» ABOUT THIS EXERCISE
Write out every line of the material as it stands, apart from the pictures.

[Opening INFORMATION SHOWN section]

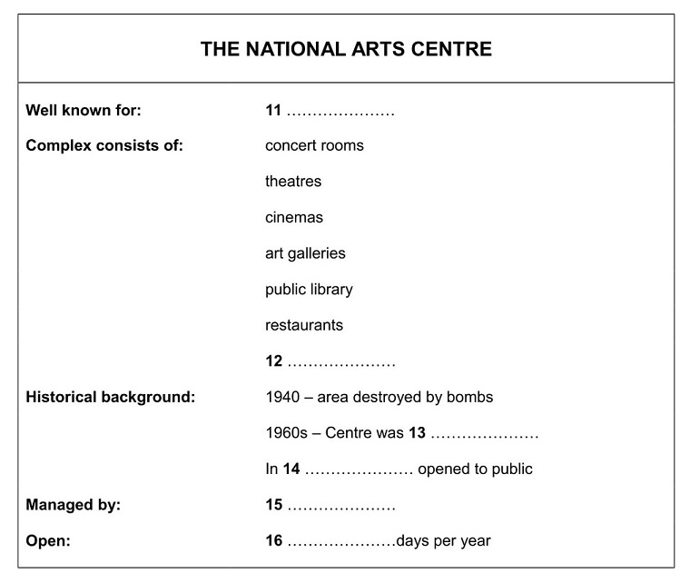 The recording for this sample question is a radio broadcast about The National Arts Centre. You are required to fill in six pieces of missing information about the centre.
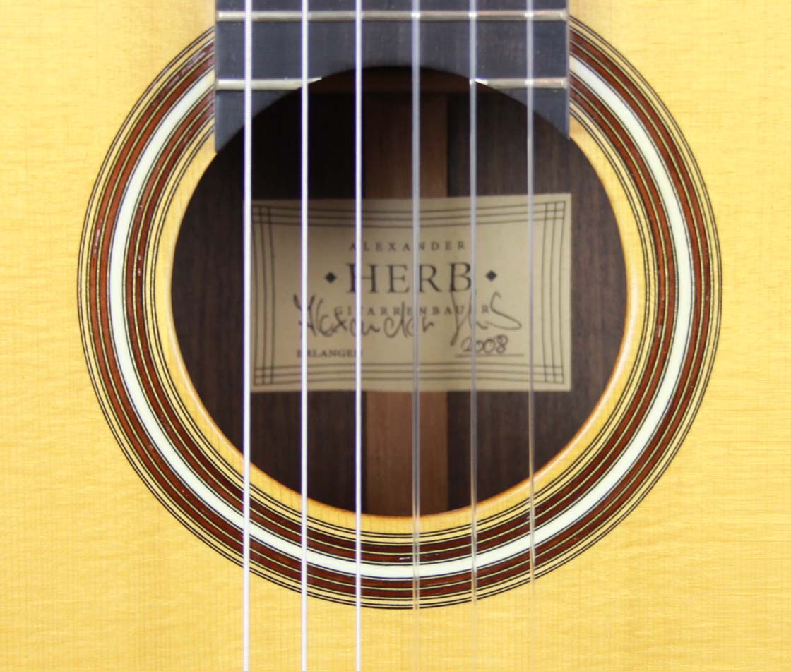 The Herb workshop was founded in 1972 in Erlangen, Germany by Hans Hermann Herb. His son started to work in 2001 as a junior partner after his diploma (Meisterprüfung). Alexander Herb started his apprenticeship at his father's workshop in 1989. This Premium Concert Edition guitar has a AAA spruce top and AAA Indian rosewood back and sides (laminated with maple). The fretboard is elevated and curved which improves playability and gives the player a more direct feeling. The bridge (Indian rosewood) with its 12-hole-drilling fits perfectly into the overall picture of the guitar. The tuning machines are made by Fustero. Comes with a hard case.
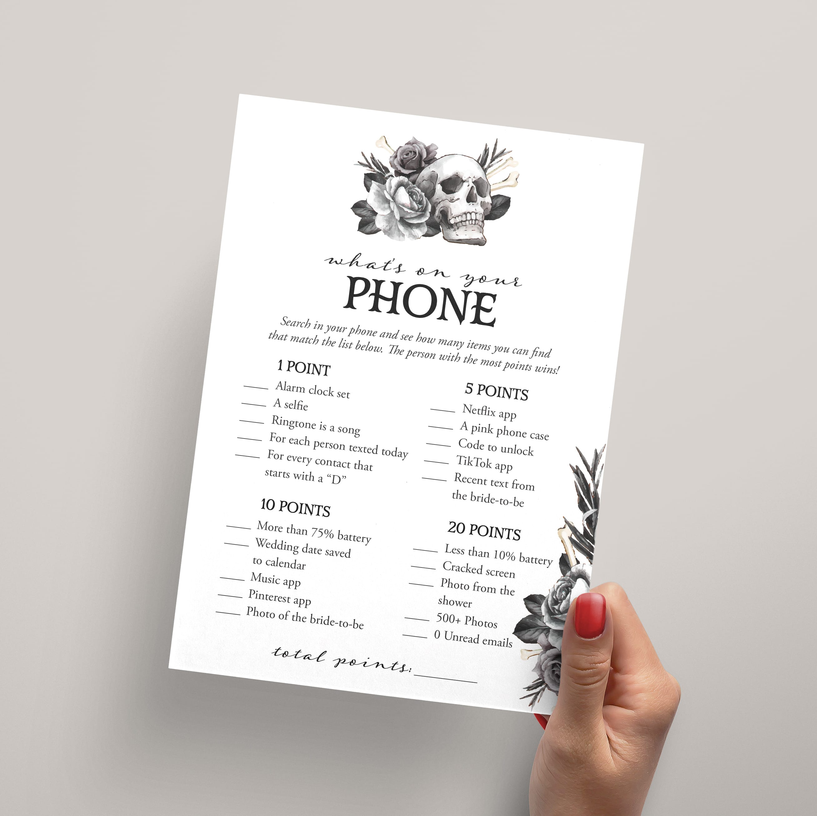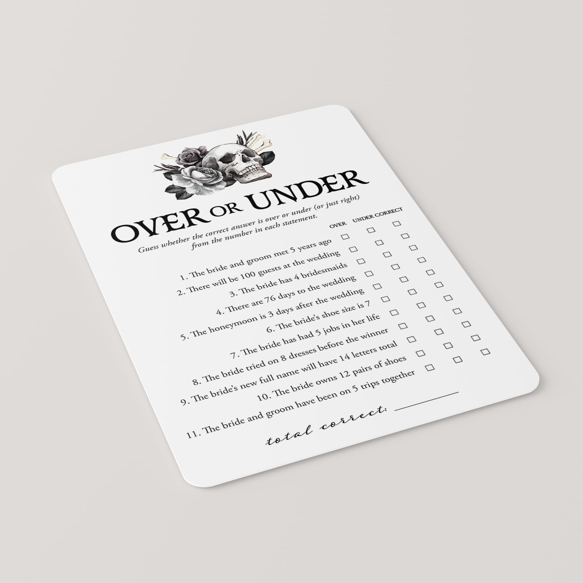 Whether you're planning a Halloween bridal shower or want to steer away from the traditional pink palette, this Till Death Do Us Party bridal shower games bundle is a match made in heaven. With black florals and skulls as the centerpiece, you can infuse your shower with an edgy and gothic ambiance. And the best part? You can easily repurpose your Halloween decorations to create a hauntingly beautiful setting.

[Closing INFORMATION SHOWN section]

» THE COMPLETED TASK
 The recording for this sample question is a radio broadcast about The National Arts Centre. You are required to fill in six pieces of missing information about the centre.
 The Herb workshop was founded in 1972 in Erlangen, Germany by Hans Hermann Herb. His son started to work in 2001 as a junior partner after his diploma (Meisterprüfung). Alexander Herb started his apprenticeship at his father's workshop in 1989. This Premium Concert Edition guitar has a AAA spruce top and AAA Indian rosewood back and sides (laminated with maple). The fretboard is elevated and curved which improves playability and gives the player a more direct feeling. The bridge (Indian rosewood) with its 12-hole-drilling fits perfectly into the overall picture of the guitar. The tuning machines are made by Fustero. Comes with a hard case.
 Whether you're planning a Halloween bridal shower or want to steer away from the traditional pink palette, this Till Death Do Us Party bridal shower games bundle is a match made in heaven. With black florals and skulls as the centerpiece, you can infuse your shower with an edgy and gothic ambiance. And the best part? You can easily repurpose your Halloween decorations to create a hauntingly beautiful setting.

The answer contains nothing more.